А он, вооруженный длинным кинжалом, стоит у нее за спиной. Он знает, куда нанести удар, чтобы тот оказался смертельным. Граф взглядом намечает место и вонзает кинжал с такой чудовищной силой, что его гарда оставляет отпечаток по обоим краям раны. Графиня падает, даже не вскрикнув, и ударяется лбом о край стола.
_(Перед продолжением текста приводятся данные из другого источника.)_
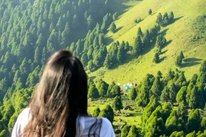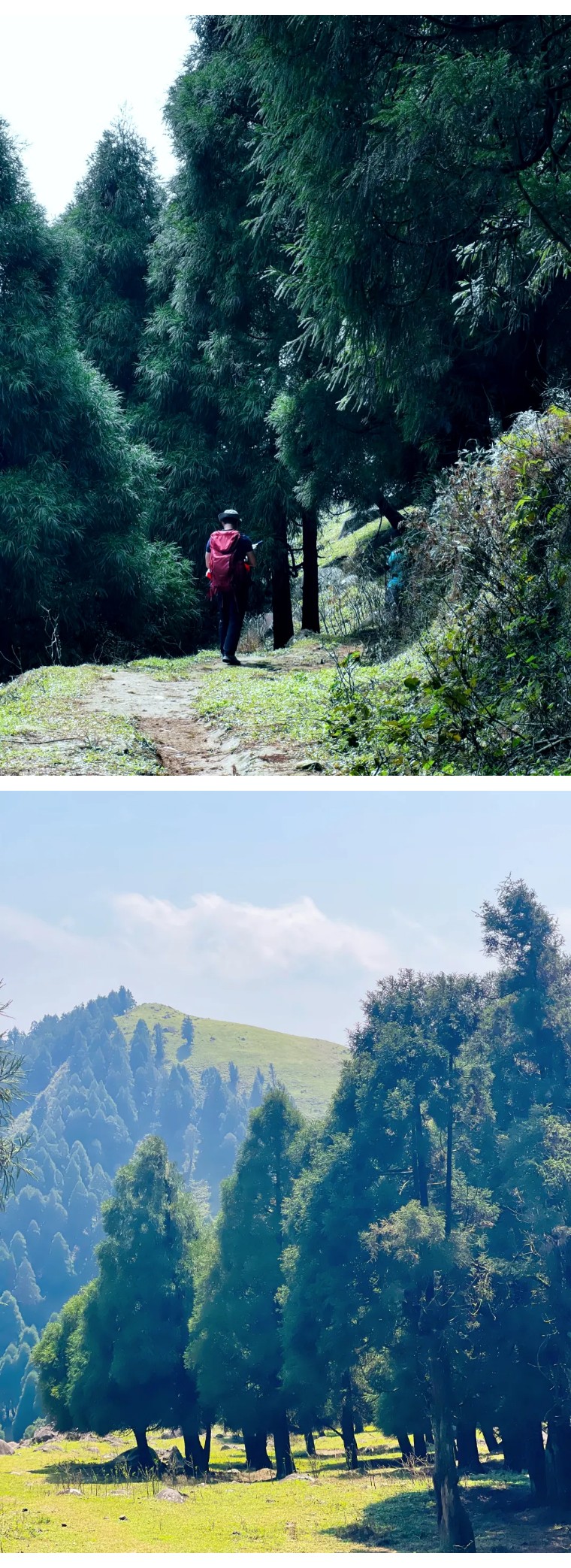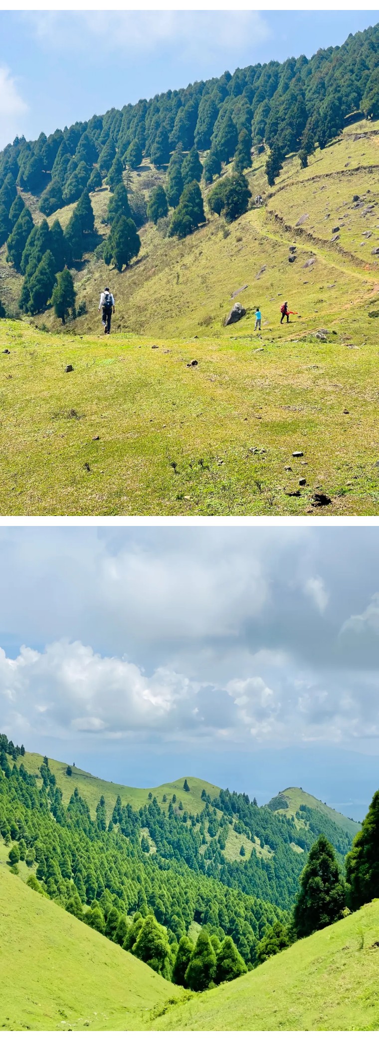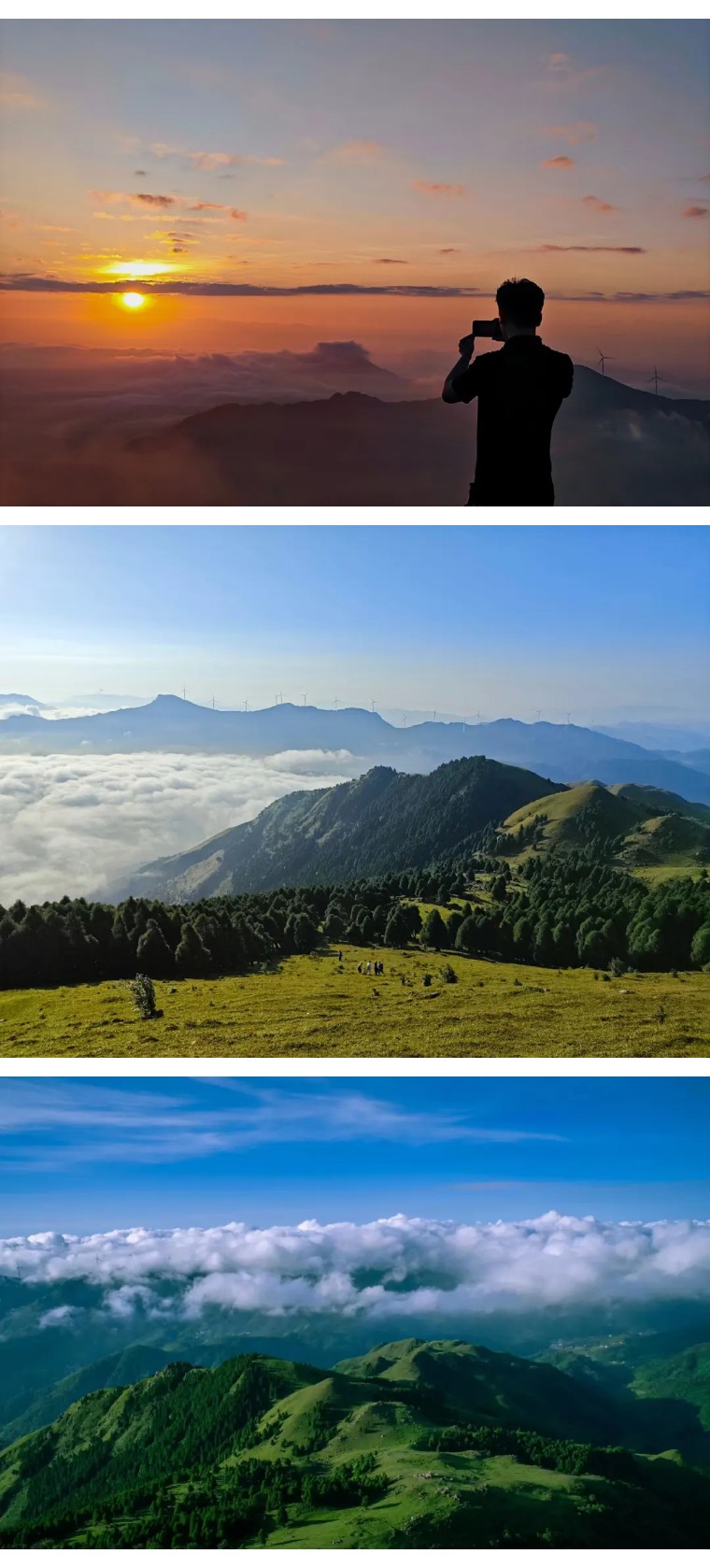 07:00 看完日出我们简单早餐后开始徒步广西的那拉提高山草原,随手一拍都很好看,山顶还有马和牛群,杉木林给六五顶披上了绿装,那一块两块零散的或是堆叠在一起的石头则是壤嵌在山体的翡翠宝玉。闭目暇想,气势磅礴的山体上,铺满茵茵绿草,似圣诞树的杉木错落有致地散布山上,各种奇型怪状的石头镶嵌其中,这大概就是传说中的欧陆风情吧

Стол переворачивается.
Разве это не объясняет местоположения раны — чуть пониже левого плеча, почти вертикальной, идущей справа налево?
Доктор кивнул.
— Да и какой другой мужчина, кроме мужа или любовника, может разгуливать по спальне и подойти к сидящей женщине, а она даже не обернется?
— Все верно, — пробормотал папаша Планта, — вне всяких сомнений.,
— И вот графиня мертва. Первое чувство убийцы — торжество. Наконец-то он избавился от этой женщины, своей жены, которую ненавидел до такой степени, что даже пошел на преступление, решился сменить счастливую, блистательную, завидную жизнь на полное опасностей существование преступника, не имеющего ни родины, ни друзей, ни дома, отверженного любым цивилизованным обществом, преследуемого полициями и правосудием всего мира.
Вторая его мысль — об этом письме, бумаге, документе, короче, небольшой вещице, которая — он точно знает — находилась у жены и позарез была нужна ему и которую он сотни раз просил отдать, но жена отказывала.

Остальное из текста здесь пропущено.